→ YOUR INSTRUCTIONS: Exact copies of all the lines below are wanted, without a single picture.

→ INFORMATION SHOWN:

=-=-=-=-=

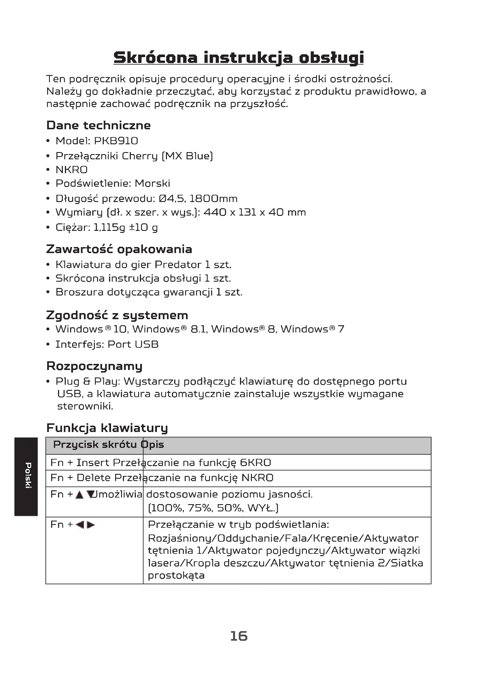 - Plug & Play: Wystarczy podłączyć klawiaturę do dostępnego portu USB, a klawiatura automatycznie zainstaluje wszystkie wymagane sterowniki. Funkcja klawiatury Przycisk skrótu Opis Fn + Insert Przełączanie na funkcję 6KRO Fn + Delete Przełączanie na funkcję NKRO Fn + Umożliwia dostosowanie poziomu jasności. (100%, 75%, 50%, WYŁ.) Fn + Przełączanie w tryb podświetlania: Rozjaśniony/Oddychanie/Fala/Kręcenie/Aktywator tętnienia 1/Aktywator pojedynczy/Aktywator wiązki lasera/Kropla deszczu/Aktywator tętnienia 2/Siatka prostokąta17 Polski Przycisk skrótu Opis Fn + Home Niezwłoczne nagrywanie makro Krok 1: Naciśnij Fn + F6. Włączona zostanie blokada klawiszy Windows. Krok 2: Naciśnij Fn + Home, zacznie migać dioda LED. Krok 3: Przypisz żądany klawisz, aby zapisać makro, dioda LED zacznie migać szybciej. Krok 4: Wpisz klawisz podany na liście makro. Krok 5: Naciśnij Fn + Home, aby zakończyć proces niezwłocznego nagrywania makro, jeśli w ciągu 20 sekund nie nastąpi żadne działanie. Wskazówki dotyczące wygody użytkowania Niektóre badania wskazują, że wykonywanie przez długi czas powtarzalnych ruchów; nieodpowiednie miejsce pracy, pozycja ciała i złe nawyki pracy mogą wiązać się z odczuwaniem braku komfortu fizycznego i skutkować uszkodzeniem nerwów, ścięgien i mięśni. Poniżej przedstawiono kilka wskazówek, jak można zoptymalizować wygodę użytkowania, a jednocześnie uniknąć obrażeń.
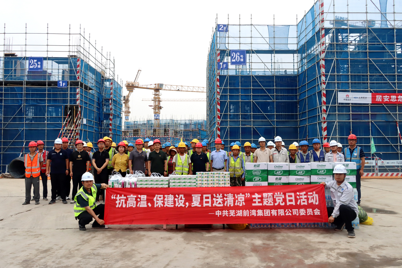 為切實(shí)做好在建項(xiàng)目工地夏季防暑降溫工作,7月10日,前灣集團(tuán)黨委開展“抗高溫、保建設(shè) 夏日送清涼”主題黨日活動(dòng),為高溫天氣下堅(jiān)守一線的建設(shè)者們送去夏日清涼和暖心問候。
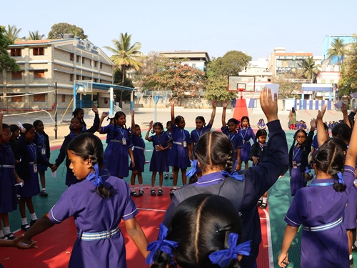 In this energetic activity, students formed two circles—outer circle as nouns and inner circle as verbs. When nouns were called, the noun circle clapped; when verbs were announced, the verb circle performed the action. Students then paired up to form meaningful sentences, making grammar interactive and dynamic.
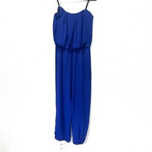 Experience effortless style with this pre-owned City Triangles jumpsuit. It features a sleeveless design and a wide-leg silhouette. The vibrant blue color and flowy fabric provide a relaxed fit, making it perfect for casual outings. With spaghetti straps and an elastic waistline, this jumpsuit ensures both comfort and ease of wear.

=-=-=-=-=

→ ANSWER TO THIS TASK:
 - Plug & Play: Wystarczy podłączyć klawiaturę do dostępnego portu USB, a klawiatura automatycznie zainstaluje wszystkie wymagane sterowniki. Funkcja klawiatury Przycisk skrótu Opis Fn + Insert Przełączanie na funkcję 6KRO Fn + Delete Przełączanie na funkcję NKRO Fn + Umożliwia dostosowanie poziomu jasności. (100%, 75%, 50%, WYŁ.) Fn + Przełączanie w tryb podświetlania: Rozjaśniony/Oddychanie/Fala/Kręcenie/Aktywator tętnienia 1/Aktywator pojedynczy/Aktywator wiązki lasera/Kropla deszczu/Aktywator tętnienia 2/Siatka prostokąta17 Polski Przycisk skrótu Opis Fn + Home Niezwłoczne nagrywanie makro Krok 1: Naciśnij Fn + F6. Włączona zostanie blokada klawiszy Windows. Krok 2: Naciśnij Fn + Home, zacznie migać dioda LED. Krok 3: Przypisz żądany klawisz, aby zapisać makro, dioda LED zacznie migać szybciej. Krok 4: Wpisz klawisz podany na liście makro. Krok 5: Naciśnij Fn + Home, aby zakończyć proces niezwłocznego nagrywania makro, jeśli w ciągu 20 sekund nie nastąpi żadne działanie. Wskazówki dotyczące wygody użytkowania Niektóre badania wskazują, że wykonywanie przez długi czas powtarzalnych ruchów; nieodpowiednie miejsce pracy, pozycja ciała i złe nawyki pracy mogą wiązać się z odczuwaniem braku komfortu fizycznego i skutkować uszkodzeniem nerwów, ścięgien i mięśni. Poniżej przedstawiono kilka wskazówek, jak można zoptymalizować wygodę użytkowania, a jednocześnie uniknąć obrażeń.
 為切實(shí)做好在建項(xiàng)目工地夏季防暑降溫工作,7月10日,前灣集團(tuán)黨委開展“抗高溫、保建設(shè) 夏日送清涼”主題黨日活動(dòng),為高溫天氣下堅(jiān)守一線的建設(shè)者們送去夏日清涼和暖心問候。
 In this energetic activity, students formed two circles—outer circle as nouns and inner circle as verbs. When nouns were called, the noun circle clapped; when verbs were announced, the verb circle performed the action. Students then paired up to form meaningful sentences, making grammar interactive and dynamic.
 Experience effortless style with this pre-owned City Triangles jumpsuit. It features a sleeveless design and a wide-leg silhouette. The vibrant blue color and flowy fabric provide a relaxed fit, making it perfect for casual outings. With spaghetti straps and an elastic waistline, this jumpsuit ensures both comfort and ease of wear.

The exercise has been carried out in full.